## WHAT YOU ARE ASKED TO DO
Since the records include pictures, leave those out while you reproduce exactly and only the lines from the one containing "Reform, Transformation and" through the one containing "Foto van Poelaert", inclusive.

==== RECORDED DATA ====

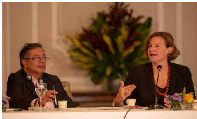
Gustavo Petro, presidente de Colombia y M. Mazzucato en Bogotá.

A mediados de la década de 1950 ya se ensayaban procedimientos que en aquellos años eran llamados de “programación”, e incluso se discutía sobre como incidir en la “velocidad” del crecimiento económico como en su “dirección”. Para dejar atrás lo que se describía como “subdesarrollado”, se sostenía que la planificación era indispensable para no quedar atrapados por
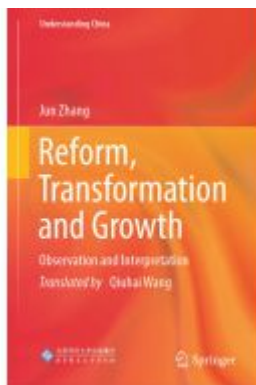
Reform, Transformation and Growth Ladenpreis: 142,99EUR
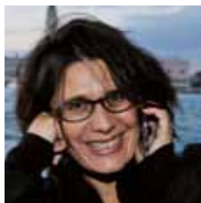
Giovanna Cicogna Comunicazione
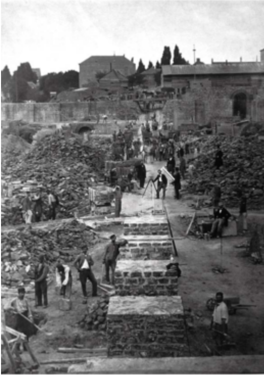
Foto van Poelaert die al opmetend poseert bij de funderingen van het Justitiepaleis
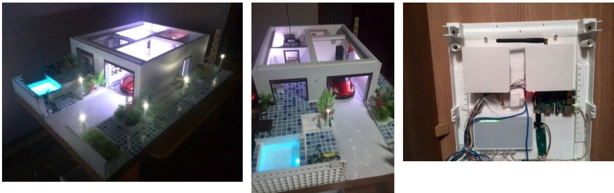
Рис. 3. Система моніторингу температурних показників оточуючого середовища: апаратна частина
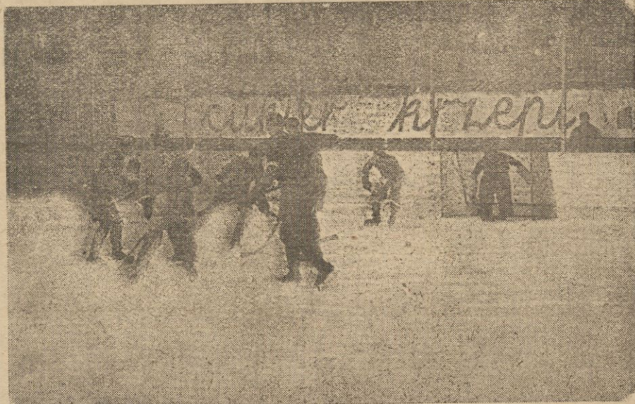
Moment z meczu Kanada — Francja (9:0) Bramka francuska w opałach.
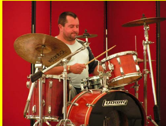
En méditation ...
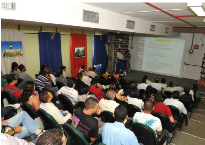
Empregados, estagiários, terceiros e convidados lotaram o auditório
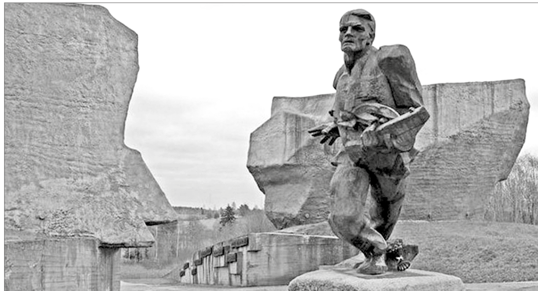
Мемориальный комплекс «Прорыв» в городе Ушачи, Витебская область.
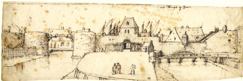
Afb. 3. Tekening van het havenfront van Bergen op Zoom gezien vanuit het westen met in het midden het Hamplein en de Hampoort (ook wel Waterpoort genoemd). Rechts daarvan de in 1447 gegraven haventak. Anoniem, midden 17 e eeuw.

In zijn Paas- en Koudemarkten stelt Slootmans dat het onduidelijk is hoe de heren van Bergen in staat waren om de economische positie van hun stad te beïnvloeden en te behouden. Zeker is dat zij uitvoerig gebruik maakten van hun contacten met het Bourgondisch-Habsburgse hof, waar zij diverse functies bekleedden. Tevens hadden zij de nodige internationale (diplomatieke) contacten. De heren van Bergen waren Engelsgezind en deden veel om de Bergse jaarmarkten te promoten. In 1459 werd heer Jan II zelfs gevraagd om een arbitragecommissie voor te zitten om een conflict tussen de Engelsen en Antwerpen te beslechten.
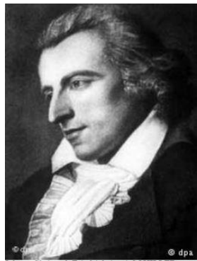
Johann Christoph Friedrich (von) SCHILLER

Au 18 ème siècle, est-il besoin de le rappeler, se développe l'esprit des lumières. L'on rêve à une société plus égalitaire fondée sur la Raison, la liberté, la fraternité humaine, le progrès de la connaissance.
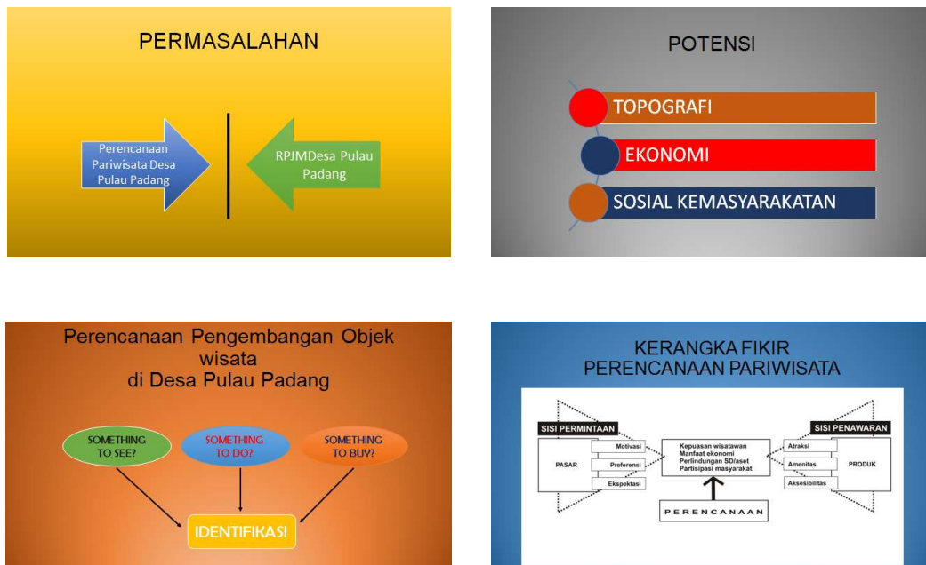
Gambar 2. Masalah dan potensi di Desa Pulau Padang.

Pengabdian kepada Masyarakat dilakukan dengan cara menyampaikan materi dari Program Studi Perencanaan Wilayah dan Kota UNIKS dan di lanjutkan dengan diskusi dengan Perangkat dan masyarakat Desa tentang Potensi Wisata yang akan di kembangkan. Dalam melaksanakan Pengabdian Masyarakat, Program Studi Perencanaan Wilayah dan kota dengan tema : Perencanaan kawasan Pariwisata di Desa Pulau Padang, Kec. Singingi, Kab. Kuantan Singingi mendapatkan hasil data yang akan di jadikan sebagai analisa kawasan Pariwisata di desa Pulau Padang, dari data lapangan dan hasil RPJMDES tahun 2018- 2024 Ada Beberapa hambatan/masalah dan potensi yang bisa di kembang di Desa Pulau Padang. Berikut ini cara mencari masalah dan potensi yang ada di Desa Pulau Padang.
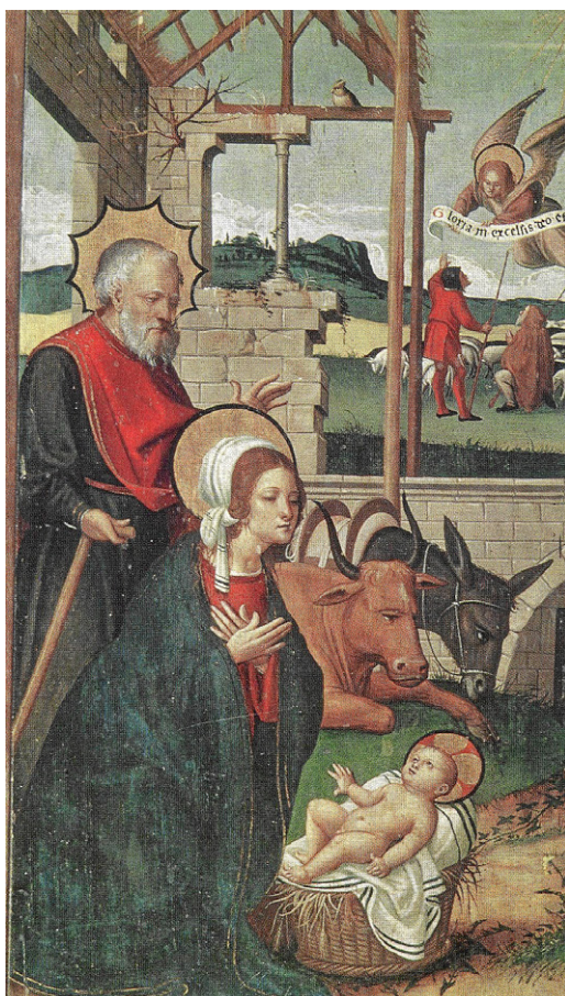
Fragment del retaule Nativitat, de Pere Mates (s. XVI). Museu d'Art de Girona

Nadal fa possible contemplar el món, la història, la vida... des d'una renovada comprensió: el Fill de Déu ha assumit la nostra carn, la nostra història, la nostra vida, per renovar-la i alliberar-la del mal i de la mort, per salvar-la.
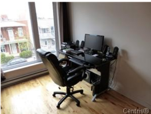
Bureau à domicile
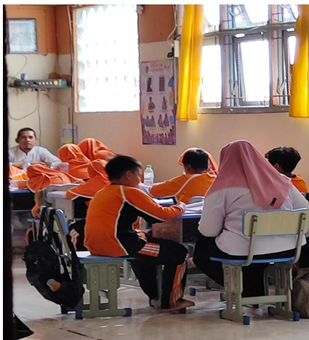
Gambar 3. Pendampingan Guru terhadap Peserta Didik Berkebutuhan Khusus dalam Proses Pembelajaran

Selain itu, guru telah menerapkan prinsip pembelajaran diferensiatif melalui pemberian tugas bertahap, penjelasan ulang secara individual, serta pemanfaatan kerja kelompok. Strategi ini berkontribusi pada meningkatnya keterlibatan ABK dalam proses pembelajaran dan interaksi sosial dengan teman sebaya. Hasil dokumentasi juga menunjukkan adanya penyesuaian perangkat pembelajaran sebagai respons sekolah terhadap kebutuhan peserta didik inklusif.
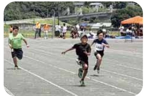
人材育成に繋がる大会への参加

近年の物価高騰等を踏 まえ開催地ごとの設定も 必要だと考えている。部 活動の地域移行に併せ近 隣町村の状況を確認し分 析していきたい。
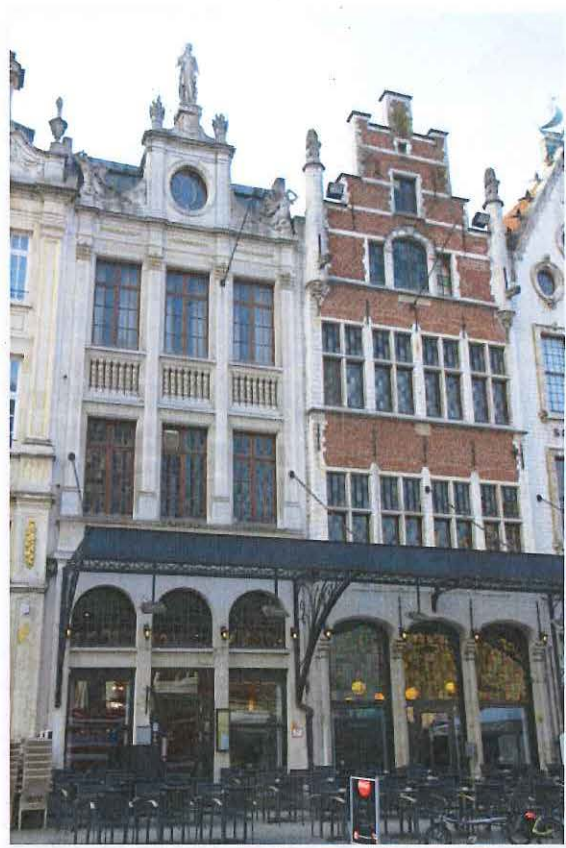
Foto 7: Leuven, Grote Markt 11 (links) en 12 (rechts) Notre Dame en de Moriaen/Café Lyrique
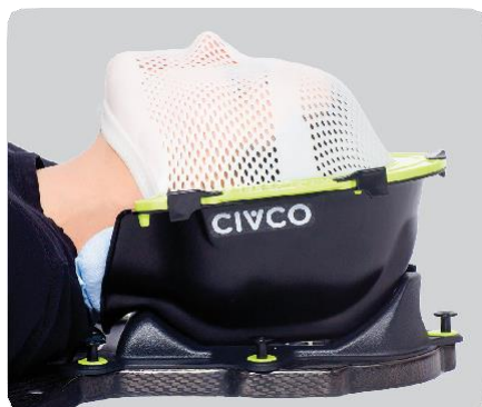
Шаг в 0 (подбородок)
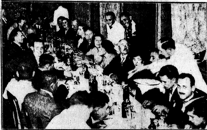
A sütőszakosztály bankettjéről.
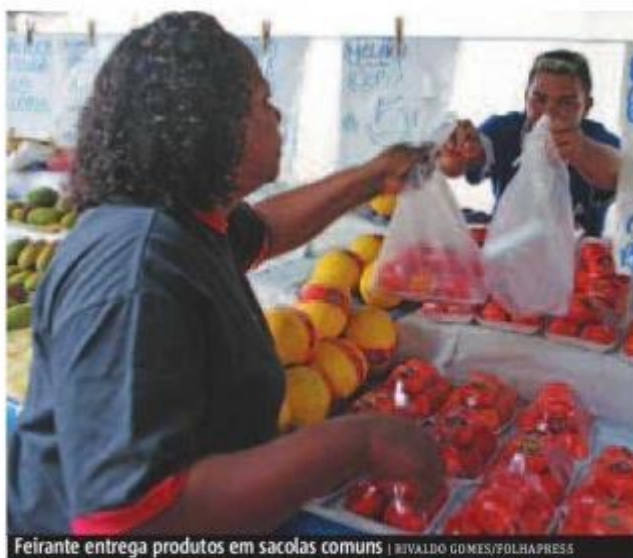
Feirante entrega produtos em sacolas comuns

Dos 96 distritos de São Paulo, 86 têm coleta seletiva, mas em 40 deles ela é feita apenas em parte das ruas. O serviço está disponível para 68% das residências da cidade, segundo o secretário.

====

## PROBLEM SOLUTION
Reform, Transformation and Growth Ladenpreis: 142,99EUR
Giovanna Cicogna Comunicazione
Foto van Poelaert die al opmetend poseert bij de funderingen van het Justitiepaleis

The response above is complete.